:: SOURCE MATERIAL ::

^^^^^^^^^^^^^^^^

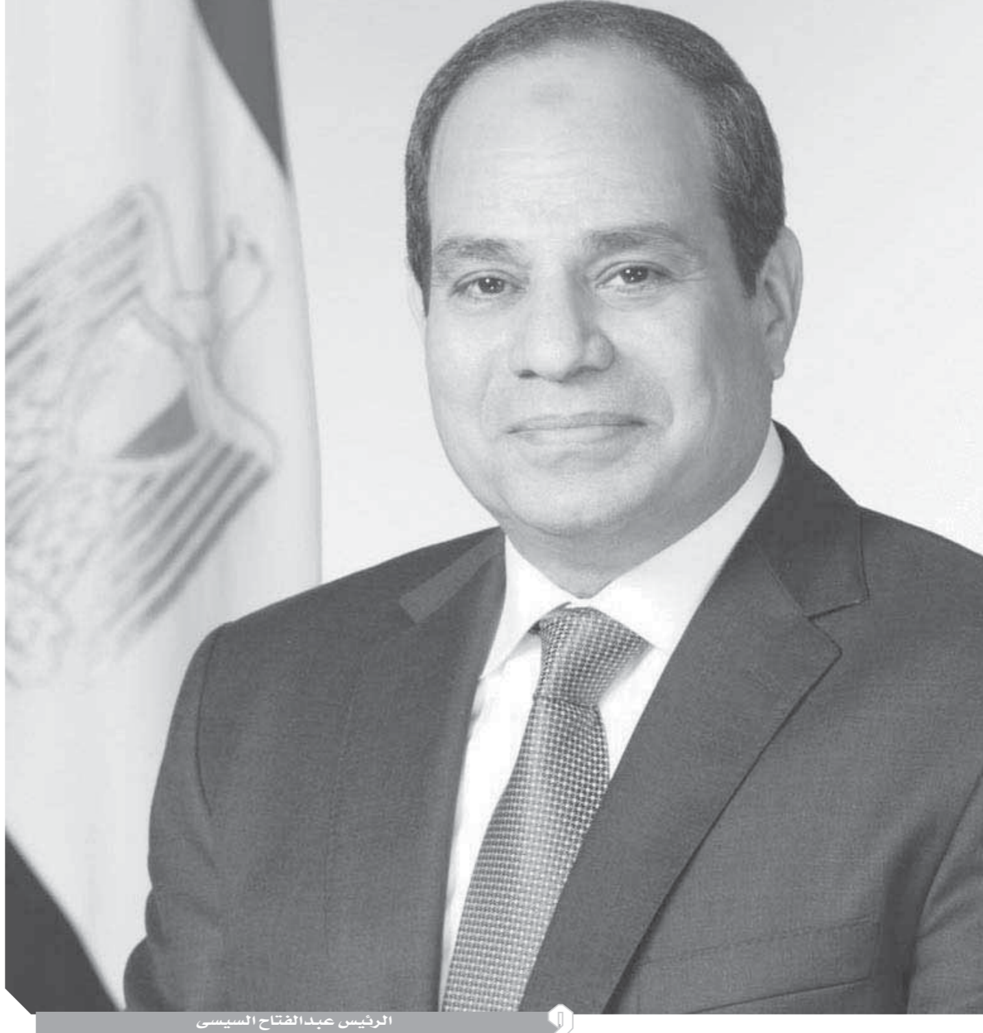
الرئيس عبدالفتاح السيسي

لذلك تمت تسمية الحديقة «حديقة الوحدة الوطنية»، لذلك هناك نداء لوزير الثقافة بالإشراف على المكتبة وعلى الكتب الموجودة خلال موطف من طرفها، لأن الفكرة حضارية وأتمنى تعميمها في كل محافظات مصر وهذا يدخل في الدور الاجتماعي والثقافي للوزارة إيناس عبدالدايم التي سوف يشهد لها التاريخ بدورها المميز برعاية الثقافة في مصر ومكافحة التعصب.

^^^^^^^^^^^^^^^^

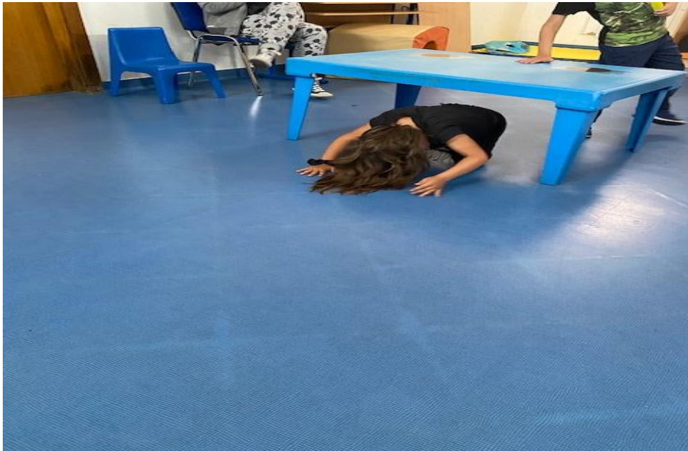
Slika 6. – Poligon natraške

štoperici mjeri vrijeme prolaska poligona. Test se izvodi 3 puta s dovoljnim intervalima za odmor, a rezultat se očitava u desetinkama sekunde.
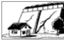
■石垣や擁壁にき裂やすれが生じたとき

^^^^^^^^^^^^^^^^

:: YOUR GOAL ::
Your answer should be the lines above from the one containing "الرئيس عبدالفتاح السيسي" through the one containing "لذلك تمت تسمية", copied exactly and with both ends kept.

:: RESULT ::
الرئيس عبدالفتاح السيسي

لذلك تمت تسمية الحديقة «حديقة الوحدة الوطنية»، لذلك هناك نداء لوزير الثقافة بالإشراف على المكتبة وعلى الكتب الموجودة خلال موطف من طرفها، لأن الفكرة حضارية وأتمنى تعميمها في كل محافظات مصر وهذا يدخل في الدور الاجتماعي والثقافي للوزارة إيناس عبدالدايم التي سوف يشهد لها التاريخ بدورها المميز برعاية الثقافة في مصر ومكافحة التعصب.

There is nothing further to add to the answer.